Se tu quiseres formar uma família bem constituída, que te dê alegria e realização, então, "não passes o carro à frente dos bois". A tua futura família começa a ser bem edificada no teu namoro, não vivendo nele a vida sexual para não estragar os teus alicerces. É preciso dizer aqui que a parte que mais sofre com a vida sexual fora de lugar, é a mulher. A jovem, na sua psicologia feminina, não esquece os menores detalhes da sua vida amorosa. Ela guarda a data do primeiro encontro, o primeiro presente, etc...; será que ela vai esquecer a primeira relação sexual? É claro que não!
A vida sexual de um casal não pode ser começada de qualquer jeito, às vezes dentro de um carro numa rua escura. Além do mais, quando o namoro termina, as marcas que o sexo deixou ficam no corpo da mulher para sempre. Para o rapaz tudo é mais fácil. Então, como é que tu queres exigir da tua namorada o seu corpo, se tu não tens um compromisso de vida assumido com ela, para sempre. Não é justo nem lícito exigir o corpo de uma mulher antes de colocar uma aliança - prova de amor e de fidelidade - na tua mão esquerda. O namoro é o tempo de conhecer o coração do outro, e não o seu corpo; é o momento de explorar a sua alma, e não o seu físico. Para tudo há a hora certa, onde as coisas acontecem com equilíbrio e com as bênçãos de Deus. Espera a hora do casamento, e então poderás viver a vida sexual por muitos anos e com a consciência em paz, certo de que não vais complicar a tua vida, a da tua namorada, e nem mesmo a da criança inocente.

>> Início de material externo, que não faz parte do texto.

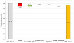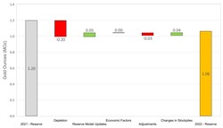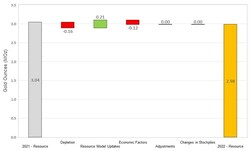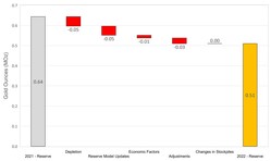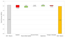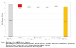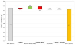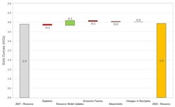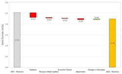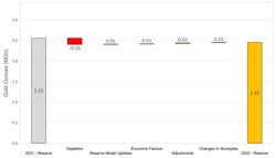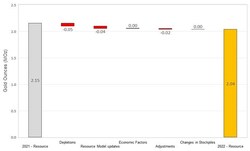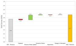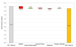 On a consolidated basis, M&I Resources decreased by 0.54 Moz relative to year-end 2021 (Figure 2). Decreases were due to mining depletion across the Company's operations, as well as revised resource classification and mining assumptions at Martha Underground and slight reduction in the open pit resource due to increased cost inputs at Haile. The decreases were partially offset by gains due to resource conversion drilling at Palomino, Golden Point Underground, and Didipio.

A melhor proposta para o namoro é uma vida de castidade, que é a melhor preparação para o casamento. Sem dúvida, um casal de namorados que souber aguardar a hora do casamento para viver a vida sexual, é um casal que exercitou o autocontrole das paixões e saberá ser fiel um ao outro na vida conjugal.
Também os noivos não estão aptos ainda para a vida sexual.
O Catecismo da Igreja Católica diz que: "Os noivos são convidados a viver a castidade na continência. Nessa provação eles verão uma descoberta do respeito mútuo, uma aprendizagem da fidelidade e da esperança de se receberem ambos da parte de Deus" (§ 2350). E ensina que a vida sexual é legítima e adequada aos esposos. "Os actos com os quais os cônjuges se unem íntima e castamente são honestos e dignos. Quando realizados de maneira verdadeiramente humana, testemunham e desenvolvem a mútua doação pela qual os esposos se enriquecem com o coração alegre e agradecido". (CIC, 2362; GS, 49).
Caro jovem, eu sei que esta proposta não é fácil, mas eu quero dizer-te que é muito bela. Eu sei que o mundo lhe diz exactamente o contrário, pois ele não quer "entrar pela porta estreita" (Mt 7,14), mas que conduz à vida. Peço-te que faças esta experiência: vê quais são as famílias bem constituídas, vê quais são os casamentos que estão estáveis, e verifica sob que bases eles foram construídos. Verás que nasceram de casais de namorados que se respeitaram e não brincaram com a vida do outro.